• **Work to complete**
Lines from the opening of the material through the line containing "This clock provides" must be duplicated word for word. Pictures are not.
_ _ _ _
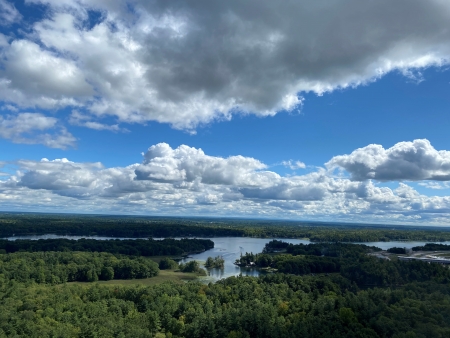 1000 Islands Tower বর্ডার ঘেষে প্রায় ১৩০ মিটার উঁচু ওয়াচ টাওয়ার। এক নজরে পুরো আইল্যান্ড দেখার জন্য দারুন জায়গা। উপরের ছবির নীচেরটি ইউএস বর্ডারের দৃশ্য। লিফটে করে ৩০ সেকেন্ডে নিয়ে গেল আমাদের শেষ তিন ফ্লোরের আগেই। বাকিটুকু হেটেই উপরে গেলাম। অসম্ভব সুন্দর চারপাশ। এখানে না আসলে মিস হতো বিশেষ কিছু। টাওয়ার ঘুরে নীচের স্যুভেনিরের দোকান। দাম যা দেখলাম হার্টফেল করার অবস্থা। তাই না কিনেই ভাগলাম।
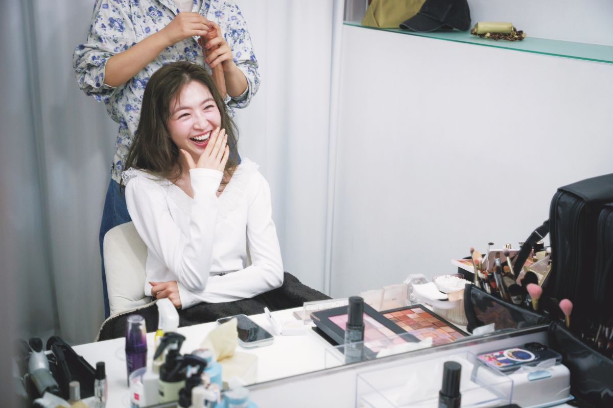 「撮影前のメイク中、ヘア&メイクさんとの雑談時間も私にとって大切な時間。美容の情報交換や近況報告をしながら笑ったりしゃべったりすることで顔がストレッチされ、むくみ解消にも。顔の細かい筋肉が使いやすくなり、表情を作りやすくなります」
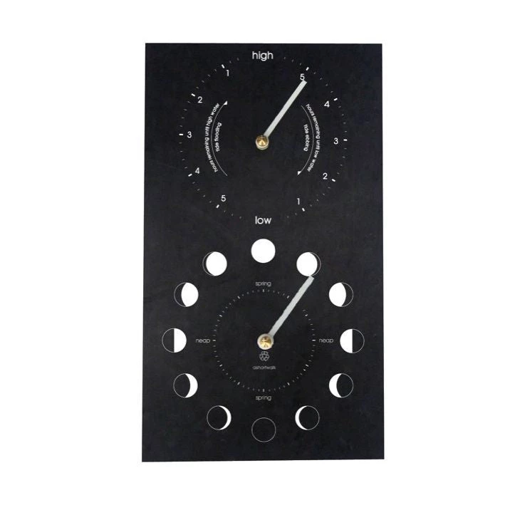 This clock provides a great indication of tidal heights (neap and spring) in conjunction with the tide clock.
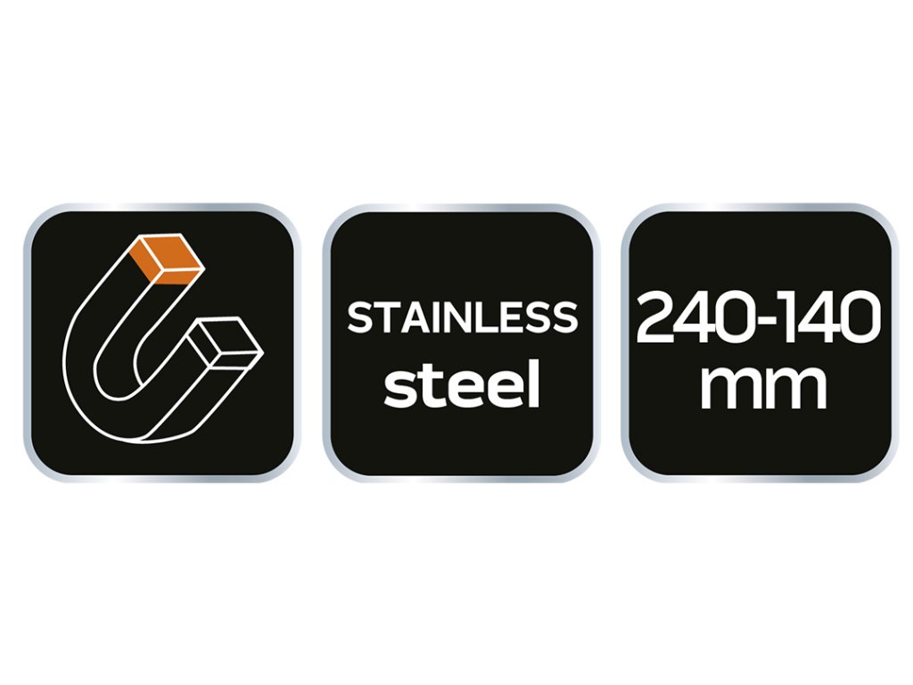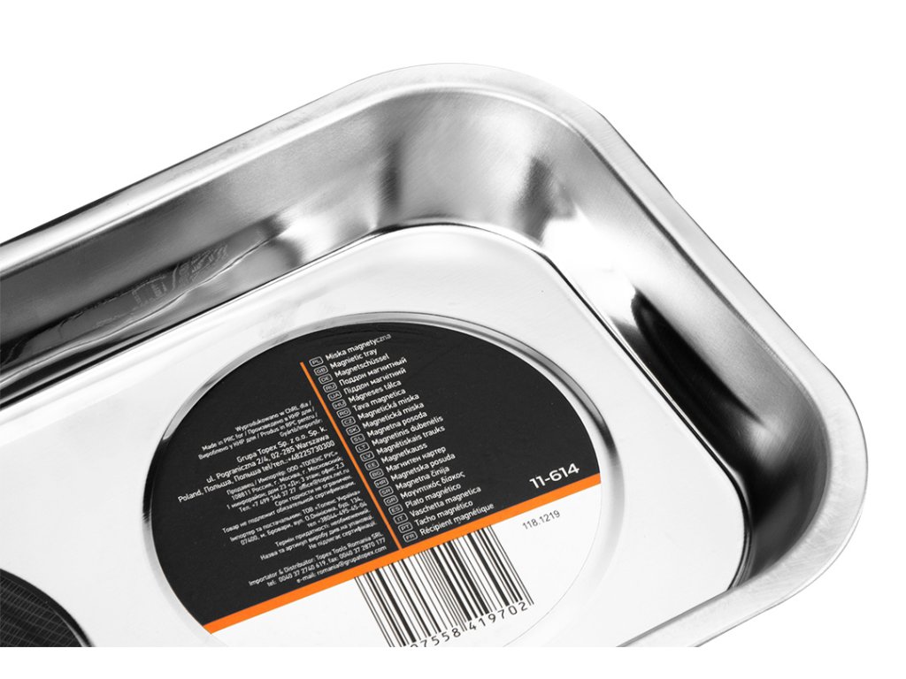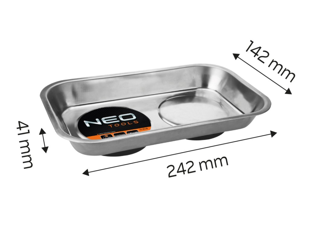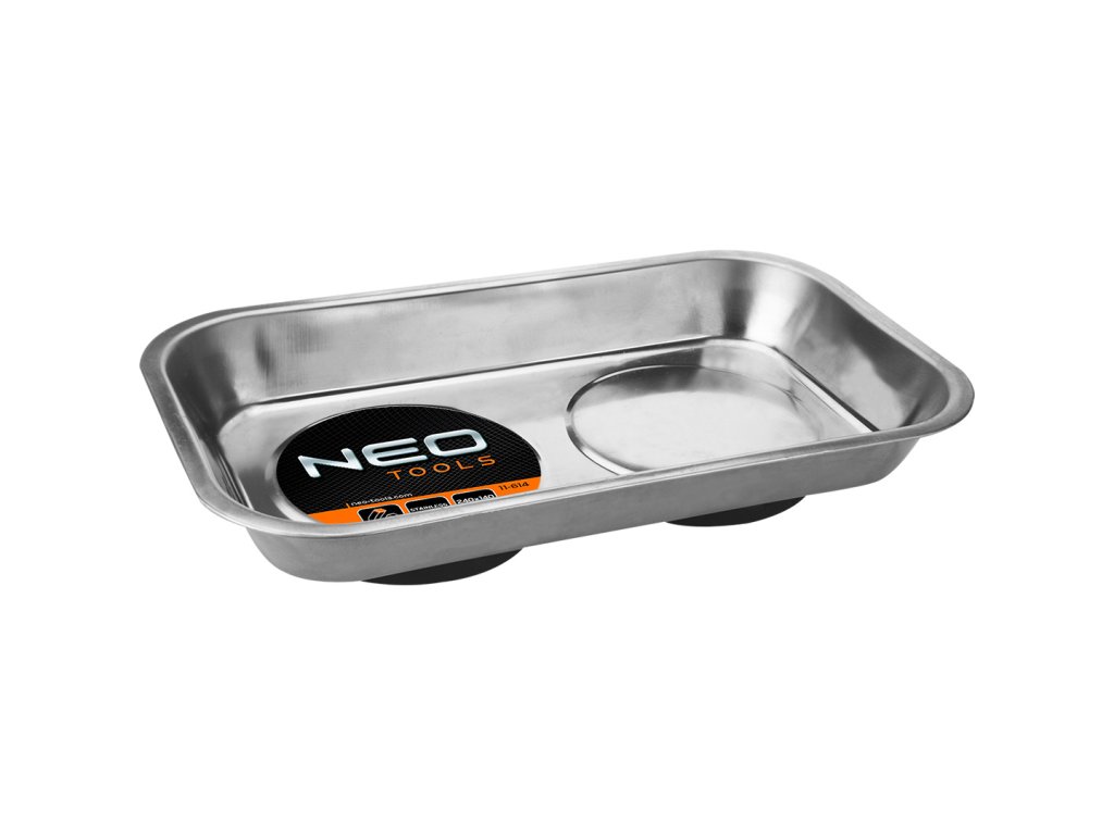 Magnetická miska, obdĺžniková 245 x 145 mm 11-614 od spoločnosti NEO je výrobok s rozmermi 245 x 145 mm. Je vyrobená z odolnej nehrdzavejúcej ocele a je odolná voči korózii. Misa má dva magnety s plastovým krytom, ktorý chráni jej povrch pred poškriabaním. Je určená na odkladanie malých kovových súčiastok a drobného náradia a skvele sa hodí do každej dielne. Misa značky NEO uľahčuje organizáciu a udržiavanie poriadku počas každodenných pracovných činností. Odporúča sa pre profesionálov a domácich majstrov.
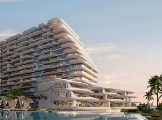 Passo by Beyond is characterised by a coastal modernist language, its architecture echoing the undulation of nearby waters. Curved silhouettes and flowing geometries soften the skyline, evoking motion and maritime grace rather than rigid symmetry.
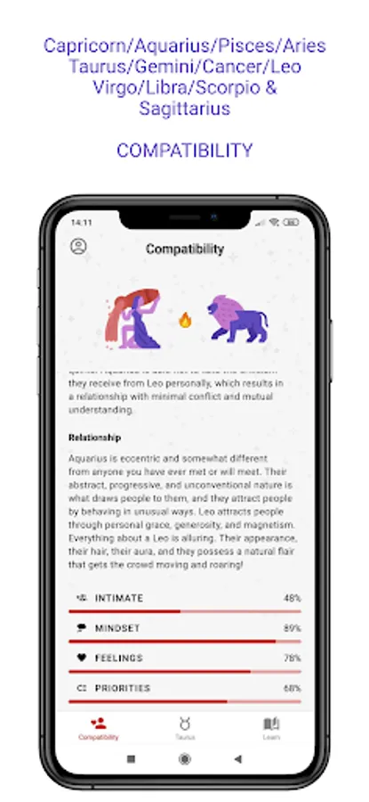 Let us start with just the signs and how they interact based on their qualities. Every sign has an element and a modality. Aries is a fire sign; and its “mode” is cardinal, which initiates. Taurus, the next sign, is ruled by the element of earth; and its “mode” is fixed, which establishes. Certain elements and modes work well and easily together, while others struggle and challenge one another. This app is an excellent tool that maps out zodiac sign compatibility among the signs.
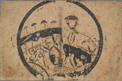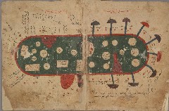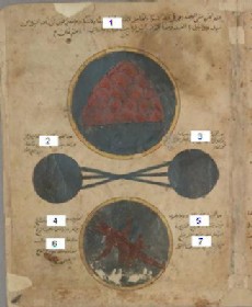 fol. 24b, The first clime, called Diyamaris: It begins near the Land of the Scorching Heat (Africa). Its zodiacal signs are Sagittarius and Virgo, and its planet is Jupiter. This is the clime of India and Far China. It starts in the east and ends in the west, spanning 180 degrees of longitude. Its width, from the vicinity of the Land of the Scorching Heat to Sarandib (Ceylon), is 285 farsakhs. Its inhabitants are the people of Far China. These people go around naked like animals, and have frightful appearances, repulsive colors, deformed bodies, sparse beards and masculine women. But they possess knowledge of incantations and omens, live long lives, and are skilful in applying herbs and minerals. In their clime one finds animals with huge bodies, and enormous birds with frightful bodies compounded from these beasts, as well as elephants, dragons, wild beasts and snakes of terrible forms, giraffes, and various types [of animals]. It is said that the phoenix is to be found in their lands. They know how to benefit from poisons and vipers� bites. Chapter 2.3 fol. 25b, In the regions south of the Equator there are nine adjoining mountains, 400 to 500 [miles] high; another mountain, which is 900 miles high. And the Mountain of the Moon, which is 1,000 miles high, and situated partly in the first clime and partly beyond the Equator, and is the source of the Nile which gushes out and branches out from it. |
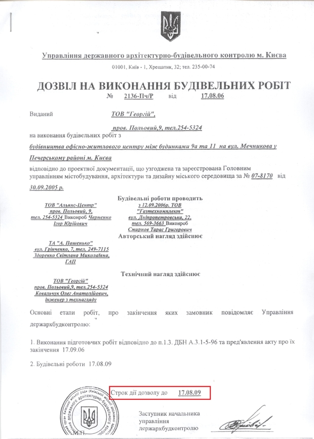 Но самое главное в разрешении даже не то, что оно выдано другой компании, а то, что срок его действия давно истек — еще 17 августа 2009 года. По нашей информации, новое разрешение на строительство не выдавалось.
_ _ _ _
• **Expected answer**
 1000 Islands Tower বর্ডার ঘেষে প্রায় ১৩০ মিটার উঁচু ওয়াচ টাওয়ার। এক নজরে পুরো আইল্যান্ড দেখার জন্য দারুন জায়গা। উপরের ছবির নীচেরটি ইউএস বর্ডারের দৃশ্য। লিফটে করে ৩০ সেকেন্ডে নিয়ে গেল আমাদের শেষ তিন ফ্লোরের আগেই। বাকিটুকু হেটেই উপরে গেলাম। অসম্ভব সুন্দর চারপাশ। এখানে না আসলে মিস হতো বিশেষ কিছু। টাওয়ার ঘুরে নীচের স্যুভেনিরের দোকান। দাম যা দেখলাম হার্টফেল করার অবস্থা। তাই না কিনেই ভাগলাম।
 「撮影前のメイク中、ヘア&メイクさんとの雑談時間も私にとって大切な時間。美容の情報交換や近況報告をしながら笑ったりしゃべったりすることで顔がストレッチされ、むくみ解消にも。顔の細かい筋肉が使いやすくなり、表情を作りやすくなります」
 This clock provides a great indication of tidal heights (neap and spring) in conjunction with the tide clock.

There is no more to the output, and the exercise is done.